The task> Starting at the line that contains "Keep cool in" and stopping after the line that contains "Das Maßband der", transcribe the listing below exactly; do not include any pictures.

Recorded data>
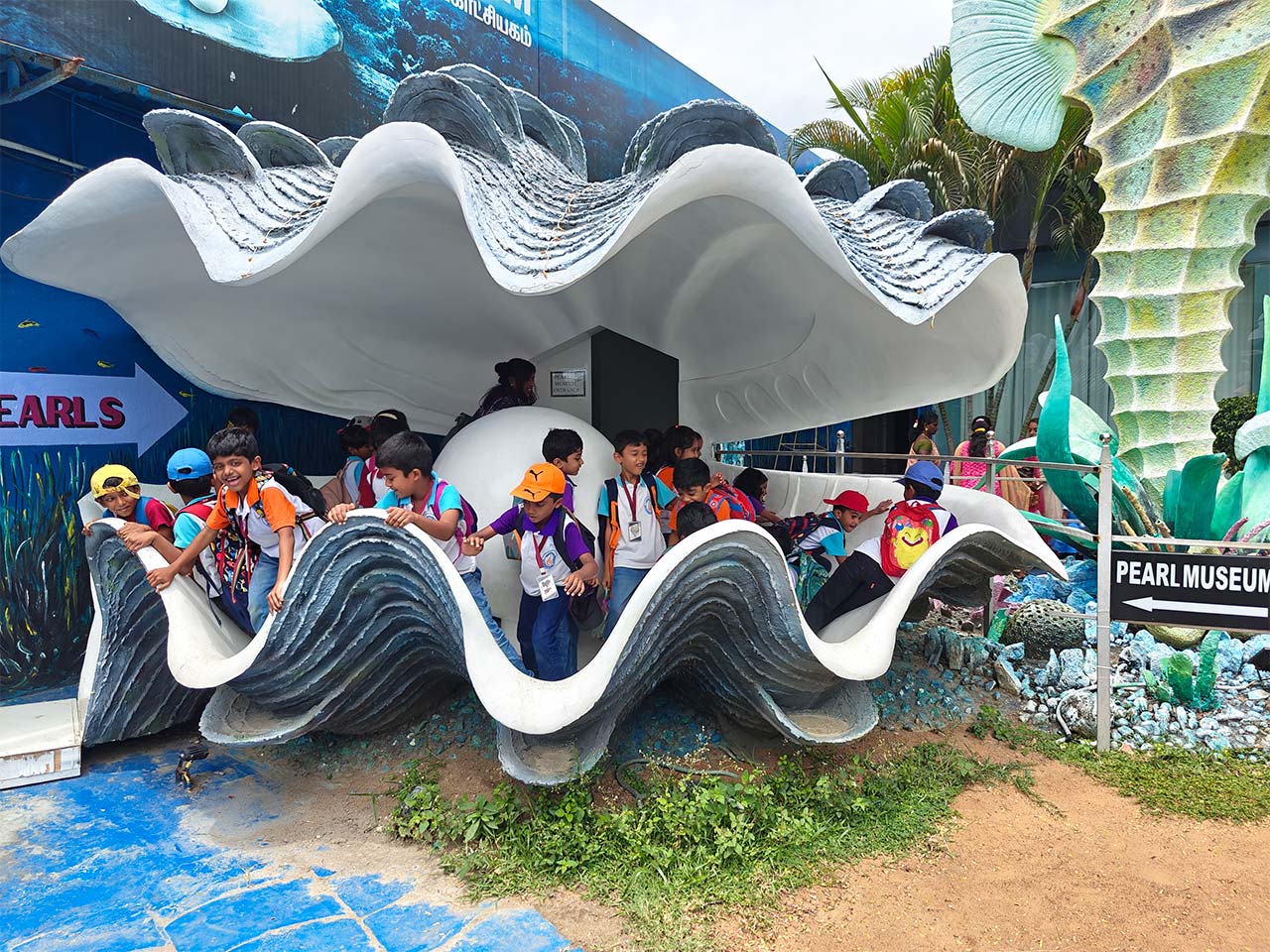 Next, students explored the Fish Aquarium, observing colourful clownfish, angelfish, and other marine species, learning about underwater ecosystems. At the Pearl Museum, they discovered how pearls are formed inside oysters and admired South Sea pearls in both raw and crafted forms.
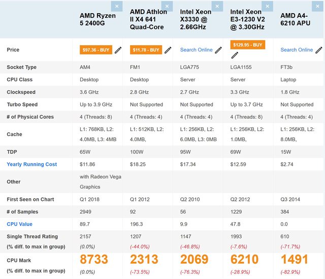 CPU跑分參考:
...
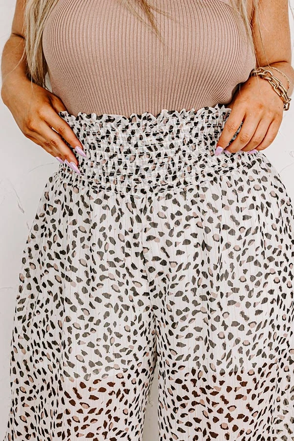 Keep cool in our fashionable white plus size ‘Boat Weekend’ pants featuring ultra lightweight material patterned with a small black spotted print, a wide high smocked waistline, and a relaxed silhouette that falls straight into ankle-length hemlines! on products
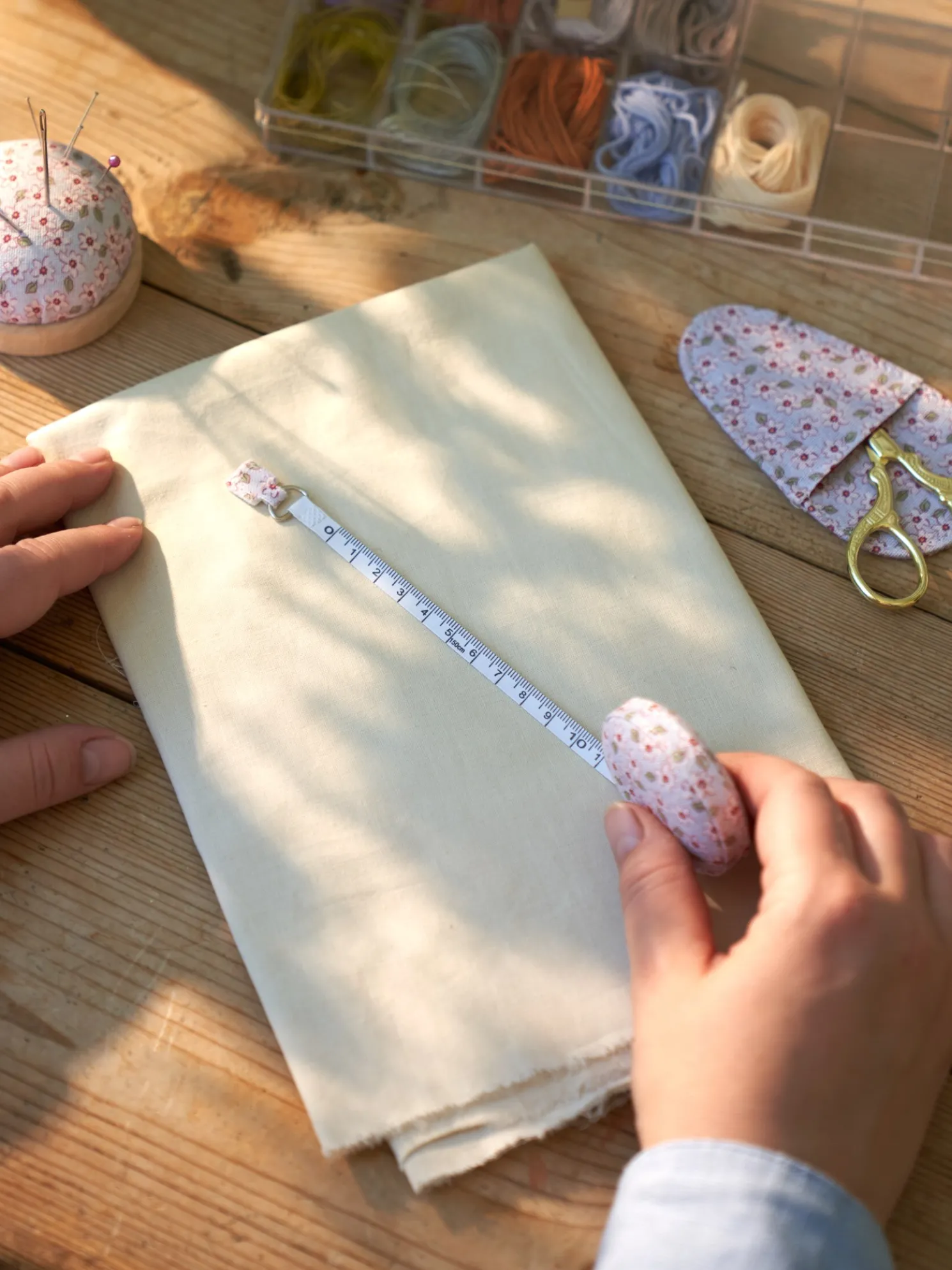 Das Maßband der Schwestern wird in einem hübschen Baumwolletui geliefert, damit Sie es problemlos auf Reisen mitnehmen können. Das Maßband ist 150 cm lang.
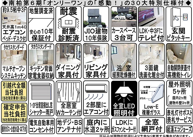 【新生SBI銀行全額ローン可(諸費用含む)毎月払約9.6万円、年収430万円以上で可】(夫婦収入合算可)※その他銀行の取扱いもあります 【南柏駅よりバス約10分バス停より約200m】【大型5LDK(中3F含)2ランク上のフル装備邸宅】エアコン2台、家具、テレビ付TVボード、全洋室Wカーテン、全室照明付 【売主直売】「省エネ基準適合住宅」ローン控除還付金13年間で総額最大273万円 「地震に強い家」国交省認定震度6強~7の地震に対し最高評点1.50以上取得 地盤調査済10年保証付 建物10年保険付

Result for this task>
 Keep cool in our fashionable white plus size ‘Boat Weekend’ pants featuring ultra lightweight material patterned with a small black spotted print, a wide high smocked waistline, and a relaxed silhouette that falls straight into ankle-length hemlines! on products
 Das Maßband der Schwestern wird in einem hübschen Baumwolletui geliefert, damit Sie es problemlos auf Reisen mitnehmen können. Das Maßband ist 150 cm lang.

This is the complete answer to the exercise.